Erik Darling here with Darling Data and continuing with my new channel setup where I’m going to do my begging and pleading at the beginning of videos where people are still paying attention. Of course, you fully have the option to skip over this part. That’s up to you. It’s a cruel world. What can you do? This video we’re going to talk…we’re going to use the term Sargable a little more loosely. …than some people might be comfortable with. Sargability typically deals with you writing expressions in a way that allow SQL Server to effectively use indexes for them. Whether it’s a join or a where clause. But we’re going to talk about the Sargability even though there’s not technically a search argument involved in the context of sorting and grouping because it can do stuff there. So, this is a This is my YouTube channel. All of this content is free. I don’t have any problems except Intel timing out looking for drivers constantly. God, I hate that thing. And I’d like to keep it free. So, in order to help me do that, you can subscribe to the channel. There are very low-cost memberships available where you can donate a buck or two if you’re feeling generous.

But if you can’t be bothered with a buck or two, then please. I like likes. I like comments. I like subscribers. I like growing this channel so that someday when I do have to spring commercials on everyone, it can be to the largest possible audience. I’m also a SQL Server performance tuning consultant. I can do all of these things in order to make your life with SQL Server better and easier. And you can hate SQL Server less because I’ll take that on for you. I will be your SQL Server sin eater. If you need SQL Server training at a low cost, you can get 75% off mine with the coupon code SPRINGCLEANING. Just go to training.erikdarling.com, plug that code in, and off you go. Stream away, my friends. Stream away.

As far as where you can catch me live and in the flesh, Friday, September 6th, I have a full-day pre-con at Data Saturday Dallas. And November 4th and 5th, I have full-day pre-cons both days at Pass Data Summit in Seattle. And I also have regular sessions attached to those events. So, if you’re going there, stop by, give me a hug, come to my pre-cons.

It’s a nice thing to do. All right. Cool. Everything went black. Most people are used to dealing with the term sargability in the context of join and where clauses. So, if you do something like this, or if you do something like this, most right-minded people will call you a damn fool.

When you wrap columns and functions like this, you ruin SQL Server’s ability to interpret indexes in an orderly manner and find and join your data in a quick and orderly manner. It is generally not great for performance when you do this.

It’s not going to hurt you every single time. But it is something that you’re going to want to avoid because someday it will hurt. Or someday someone will copy what you did in your code and it will hurt.

And they’ll think you’re an idiot for doing these things.
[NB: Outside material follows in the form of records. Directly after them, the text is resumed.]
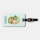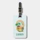 En bagagetapp med en vacker illustration med en leende grönt och guld med en söt regnbåge, ett moln från lycklig och en grönt klöver.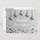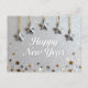 Ring in the New Year with glamorous sparkle! This dazzling design features a rich background of vibrant silver glitter. Elegant white script reads "Happy New Year" beneath five beautiful silver star ornaments hanging from shimmering gold cords.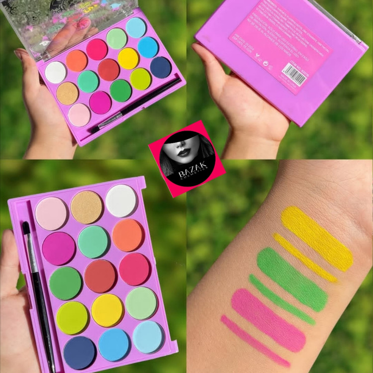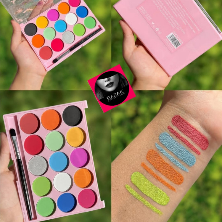 پالت خط چشم آبرنگی ۱۵ رنگ طراحی صورت کودکان و خط چشم برند IMAN OF NOBLE

So, generally, this is sort of like a sanitary code thing for me. You know, avoiding this sort of stuff generally tends to help your code bases in general be cleaner.
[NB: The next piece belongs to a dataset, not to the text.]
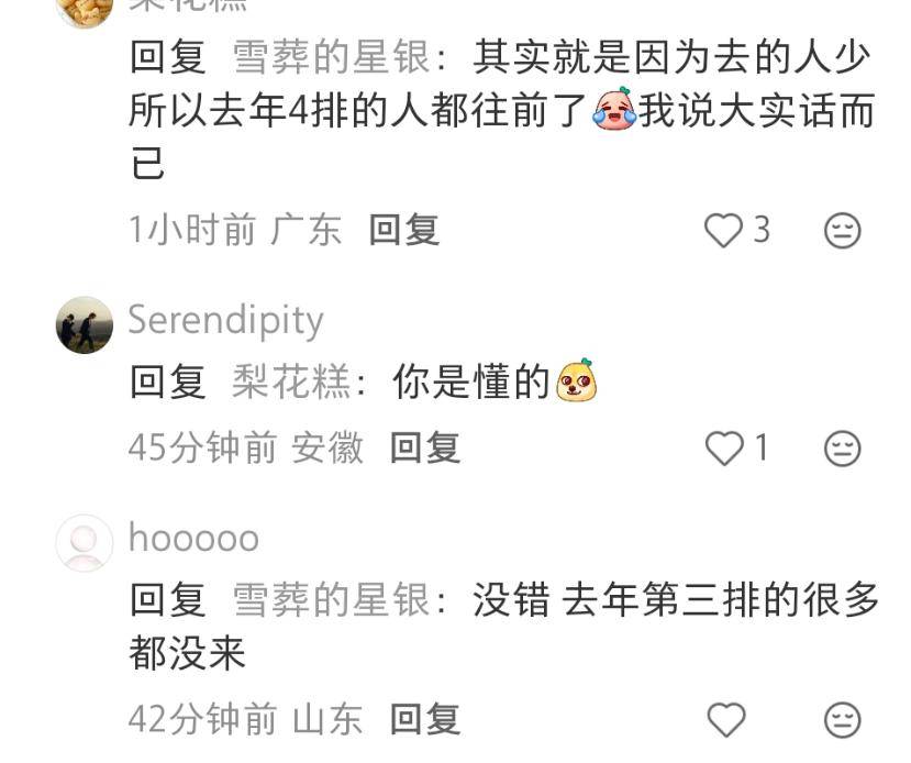 但也有明眼人点破真相,原来这次来的明星更少,去年排第三排的今年很多都没来。

I’ve said it on the channel before in other videos. But when you write code, code is culture. So, if your company culture has good, clean code in it that doesn’t have a bunch of things like non-sargable predicates, then you will tend to have a better, more quickly functioning code base than if you allow this sort of crap to go through.

Because this is ideally not what you want to see in your queries. This can also apply to other parts of the query, though. It’s not just joins and where clauses.

So, just to give a quick example, none of these queries are going to be bafflingly slow or awful or ugly. But you will see differences. I created an index on the comments table just on the score column.

Because it’s a good column to create an index on. Especially for the demos I’m about to run. Because, um…

Would you believe that I wrote this specifically to show you these problems? I don’t know if you would believe that. People think I’m a lot more slapdash than I am.

Maybe I am. So, let’s run these two queries. And we’re just going to get the top one score from the comments table. And we actually sort of got lucky.

Because, you know, the score column is not unique in any regard. But we did not have a tie for the highest scoring comment. How a comment got a score of 1270 is a real remarkable thing to me.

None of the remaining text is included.